Technical information
- Licensing authority: FCC
- Facility ID: 14897
- Class: D
- Power: 850 watts day 18 watts night
- Transmitter coordinates: 30°44′8″N 91°25′59″W﻿ / ﻿30.73556°N 91.43306°W

Links
- Public license information: Public file; LMS;
- Webcast: Listen live
- Website: Official website

= KCLF =

KCLF (1500 AM) is a radio station broadcasting an urban contemporary format which includes blues, gospel, news, oldies, and zydeco. The station is licensed to New Roads, Louisiana, United States. The station is currently owned by New World Broadcasting Company.
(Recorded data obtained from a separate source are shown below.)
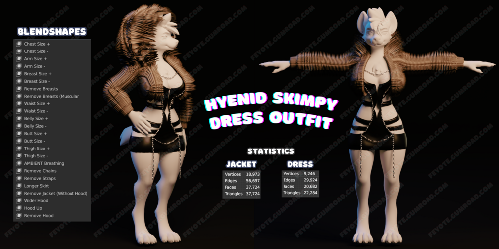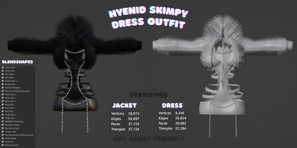 - 20+ blendshapes. (Remove Chains, Remove Straps, Hood up, Hood down, remove Hood blendshapes, Longer Skirt, included.)
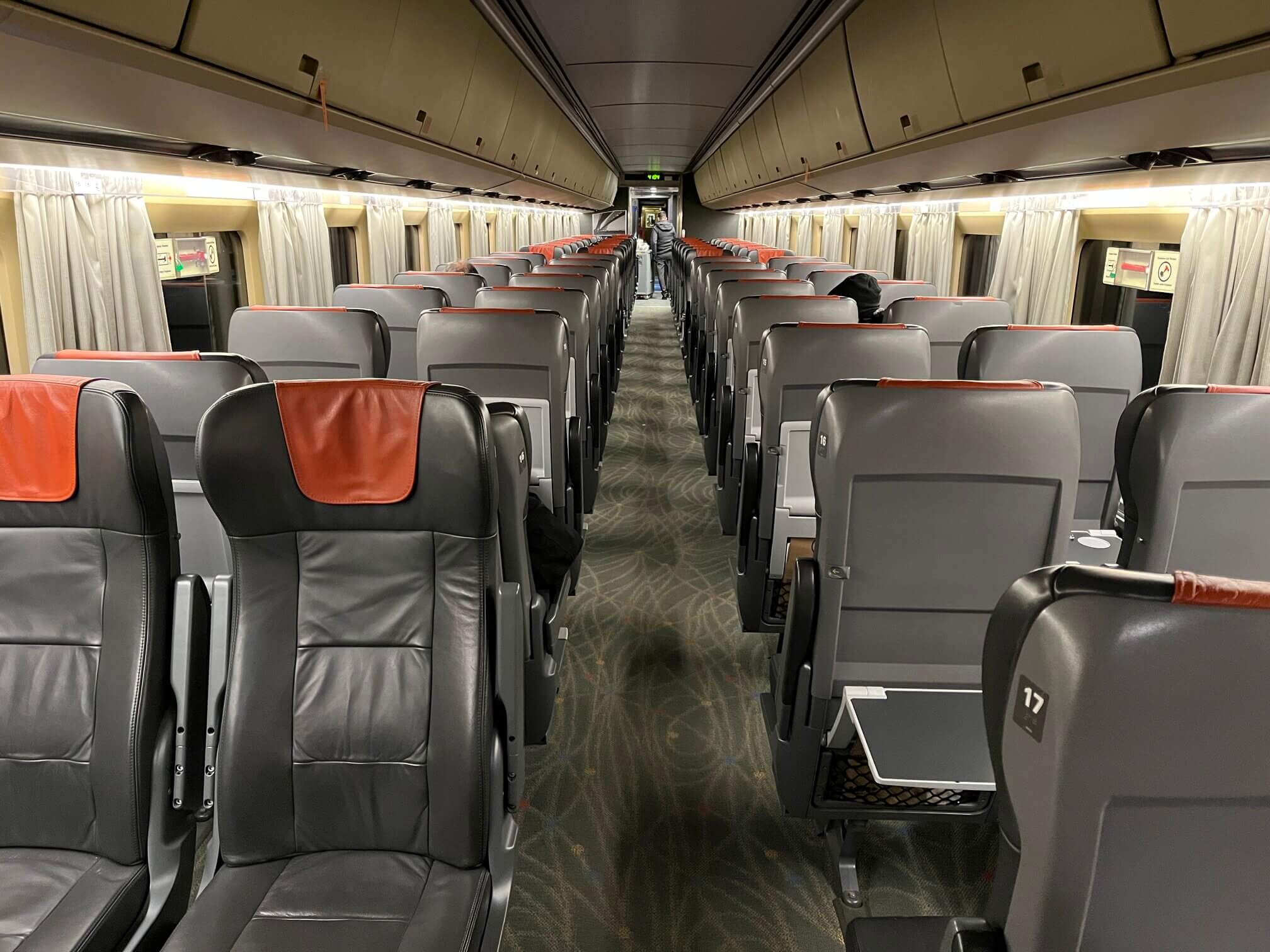 There isn’t much in the value department. There isn’t much in the comfort department either. The hard leather seats in business class remind me of the early 2000s German InterCity trains, but Via Rail showed these trains off as brand new in 2023. The tables, despite being in business class, were 10 inches away from my torso and don’t extend to reach me, failing to help facilitate business. The seats do recline, but don’t extend like they do on newer German trains to provide additional thigh support. The second-class seats don’t have coat hooks. How can a country this cold not have winter jacket storage on its trains?
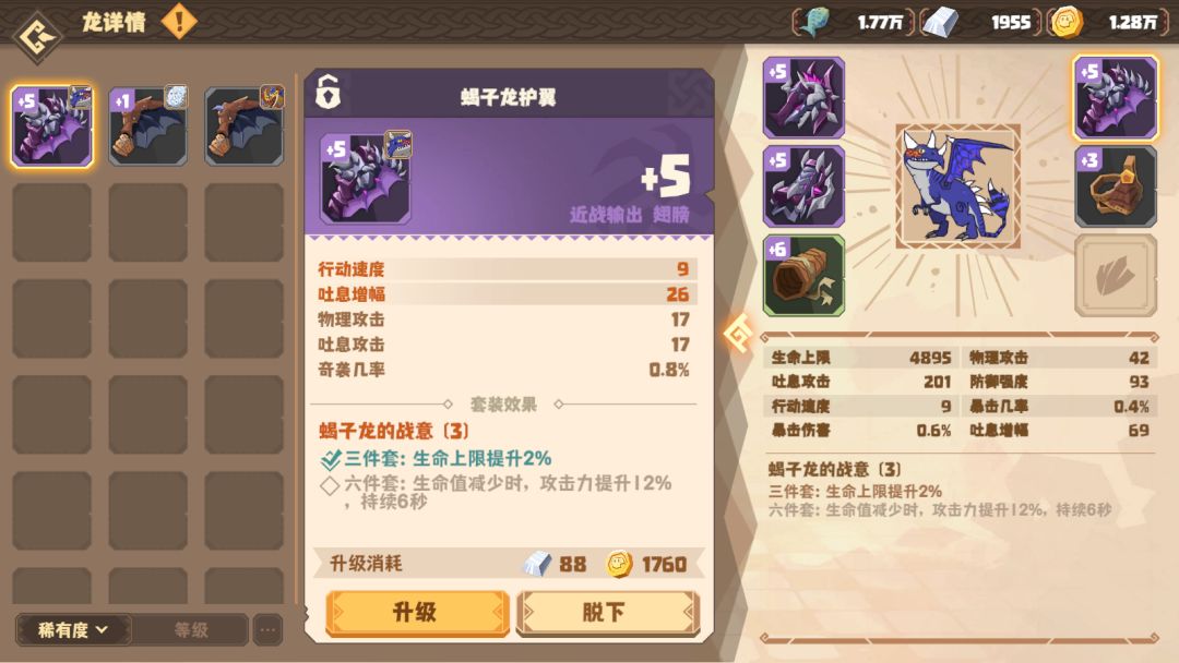 如果想要进一步提升龙伙伴的战力和存活能力,可以通过给龙穿装备来实现。在每条龙的详情页可以看到龙穿着装备的情况,还可以通过消耗葛伦科钢来给装备升级,获得更好效果。葛伦科钢可以通过分解装备或任务奖励获得。特殊装备会有套装效果,根据套装效果把装备分配给合适的龙伙伴吧~
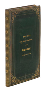 Saint-Pétersbourg, Schulz & Bénézé, 1834. In-8, maroquin vert, multiples filets et fers d'angles dorés en encadrement, importante plaque estampée à froid au centre contenant le titre doré sur le premier plat et un fer à la cathédrale sur le second, dos lisse orné, dentelle intérieure, doublure de percaline moirée bleue encadrée d'une roulette à froid, tranches dorées (Reliure de l'époque).Édition originale d'une grande rareté, publiée en français à Saint-Pétersbourg et dédiée au futur tsar Alexandre II, alors grand-duc héritier.
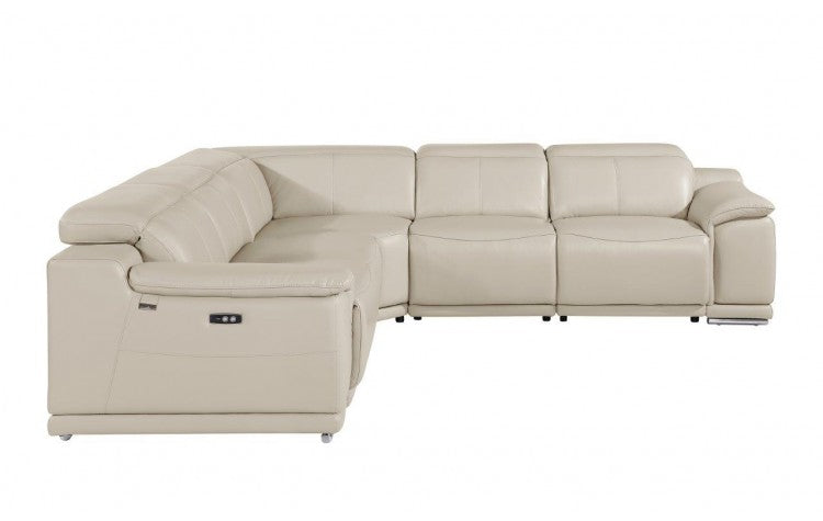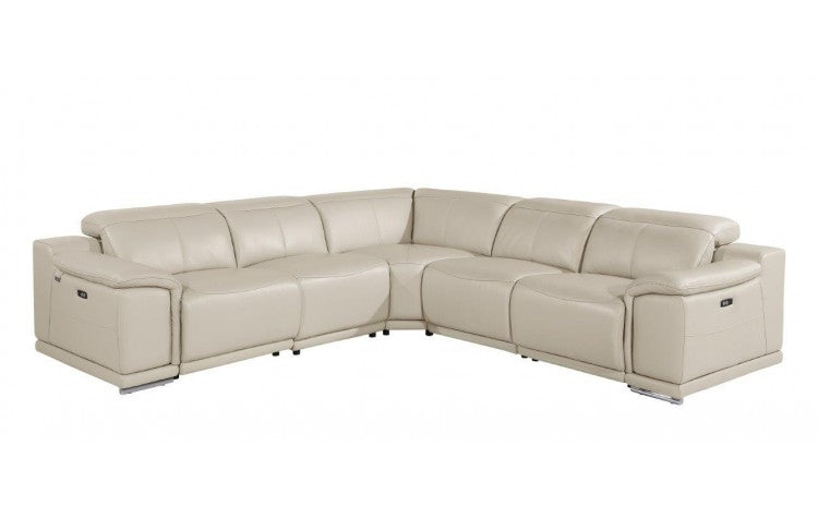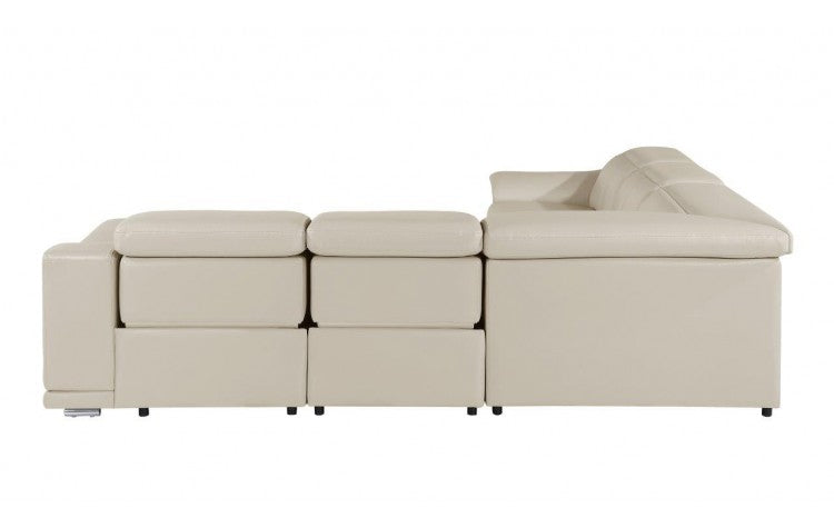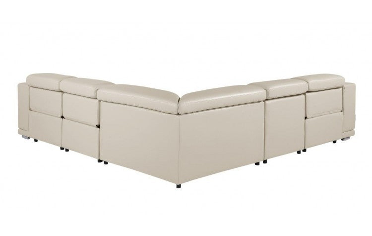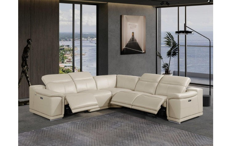 9762 DivanItalia Cream 5-Piece Sectional with 3 Power Recliners and 1 Console – Top Grain Italian LeatherModel:  9762-BEIGE-3PWR-5PC

On January 12, 2015, KCLF was granted a Federal Communications Commission construction permit to move to a new transmitter site, decrease day power to 850 watts and add night operation with 18 watts.

==History==
The station was assigned the call letters KQXL on January 1, 1979. On September 1, 1981, the station changed its call sign to the current KCLF.